> [To do] Word for word, copy the data that follows and skip its pictures.
Top of Data section
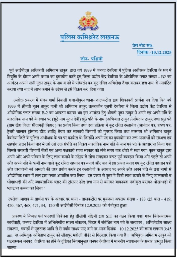 लखनऊ के तालकटोरा थाने के प्रभारी ने नूतन ठाकुर को फ़ोन कर सूचना दी कि कुछ माह पूर्व देवरिया में दर्ज मुकदमे में पुलिस ने अमिताभ ठाकुर को गिरफ़्तार किया है और उन्हें देवरिया ले जाया जा रहा है।नूतन का कहना है कि देवरिया एफआईआर प्रकरण में आईओ के बारे में पता करने की कई बार कोशिश की ताकि अपना पक्ष रख सकें लेकिन कोई जानकारी नहीं दी गई और पूरे मामले को रहस्य बनाकर रखा गया।इस एफ़आईआर में नूतन ठाकुर को भी आरोपी बनाया गया है।
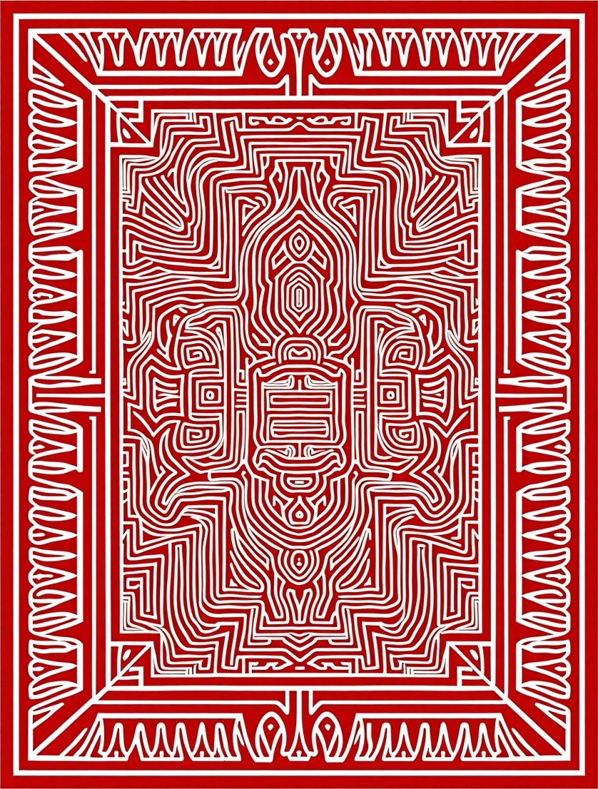 Boho Interlocking Inspired with Playful Graphic Details(Red)
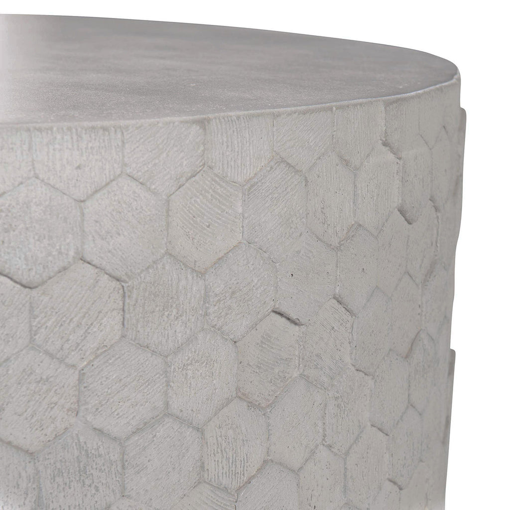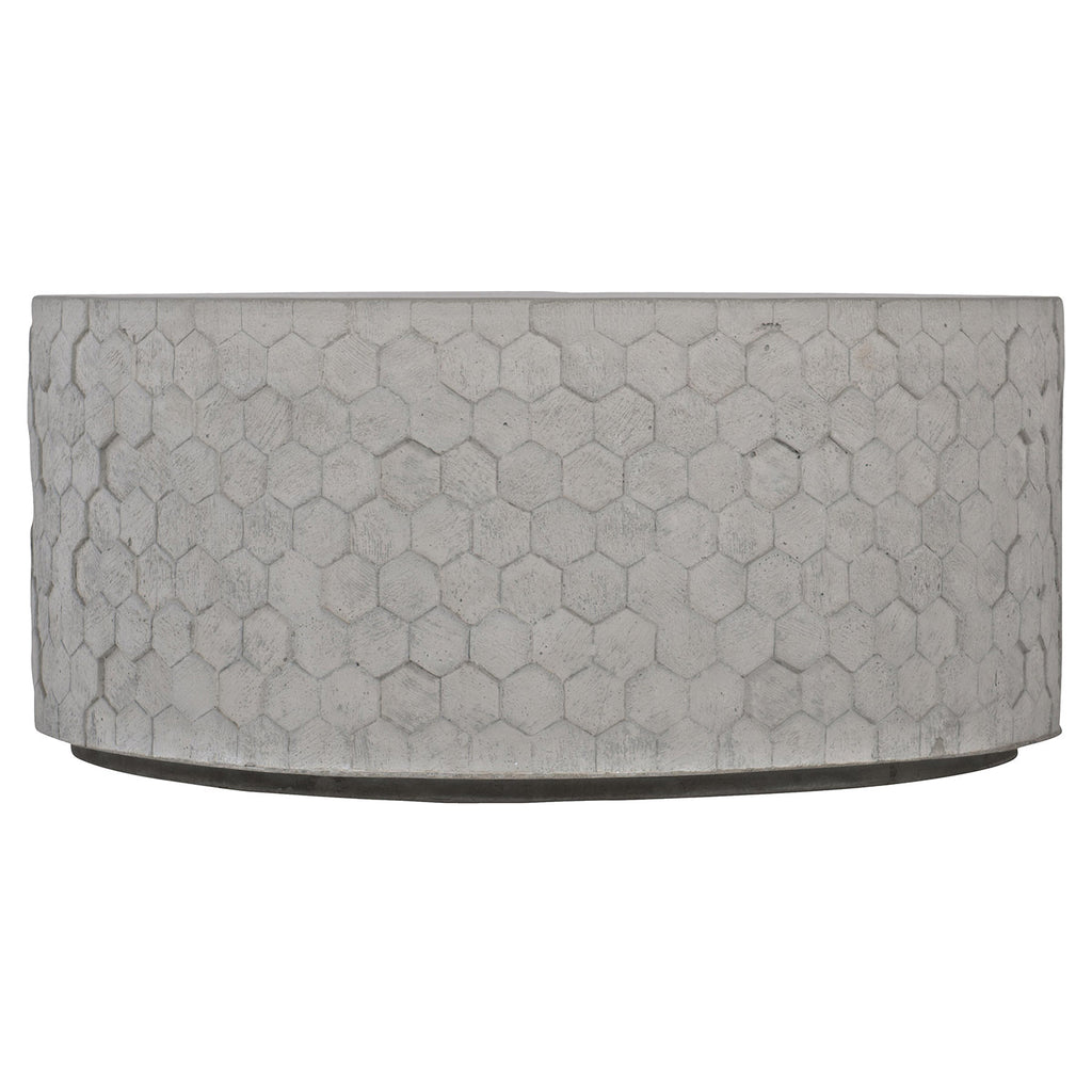 Bernhardt Interiors offers high-design furniture with an eclectic edge. Crafted from cast concrete, the Athena round cocktail table interlocks hexagons in a honeycomb pattern for an organic, contemporary look. A natural concrete finish creates variations in the texture, while the uneven pattern adds depth and visual appeal. Formed as a single cylinder with a plinth base, the table brings a unique sense of modern style.
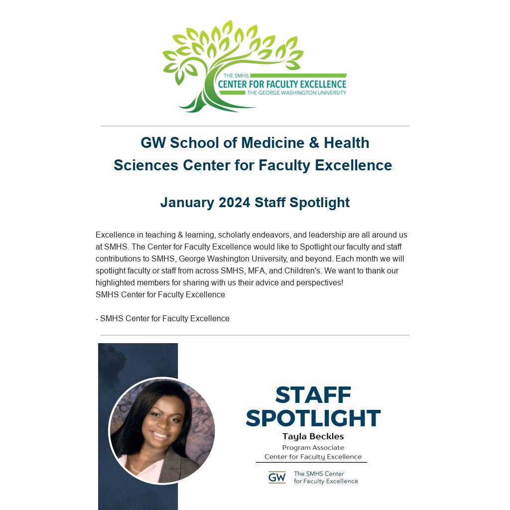 Excellence in teaching & learning, scholarly endeavors, and leadership are all around us at SMHS. The Center for Faculty Excellence would like to Spotlight our faculty and staff contributions to SMHS, George Washington University, and beyond. Each month we will spotlight faculty or staff from across SMHS, MFA, and Children's. We want to thank our highlighted members for sharing with us their advice and perspectives!
Bottom of Data section
> [Task output]
 लखनऊ के तालकटोरा थाने के प्रभारी ने नूतन ठाकुर को फ़ोन कर सूचना दी कि कुछ माह पूर्व देवरिया में दर्ज मुकदमे में पुलिस ने अमिताभ ठाकुर को गिरफ़्तार किया है और उन्हें देवरिया ले जाया जा रहा है।नूतन का कहना है कि देवरिया एफआईआर प्रकरण में आईओ के बारे में पता करने की कई बार कोशिश की ताकि अपना पक्ष रख सकें लेकिन कोई जानकारी नहीं दी गई और पूरे मामले को रहस्य बनाकर रखा गया।इस एफ़आईआर में नूतन ठाकुर को भी आरोपी बनाया गया है।
 Boho Interlocking Inspired with Playful Graphic Details(Red)
 Bernhardt Interiors offers high-design furniture with an eclectic edge. Crafted from cast concrete, the Athena round cocktail table interlocks hexagons in a honeycomb pattern for an organic, contemporary look. A natural concrete finish creates variations in the texture, while the uneven pattern adds depth and visual appeal. Formed as a single cylinder with a plinth base, the table brings a unique sense of modern style.
 Excellence in teaching & learning, scholarly endeavors, and leadership are all around us at SMHS. The Center for Faculty Excellence would like to Spotlight our faculty and staff contributions to SMHS, George Washington University, and beyond. Each month we will spotlight faculty or staff from across SMHS, MFA, and Children's. We want to thank our highlighted members for sharing with us their advice and perspectives!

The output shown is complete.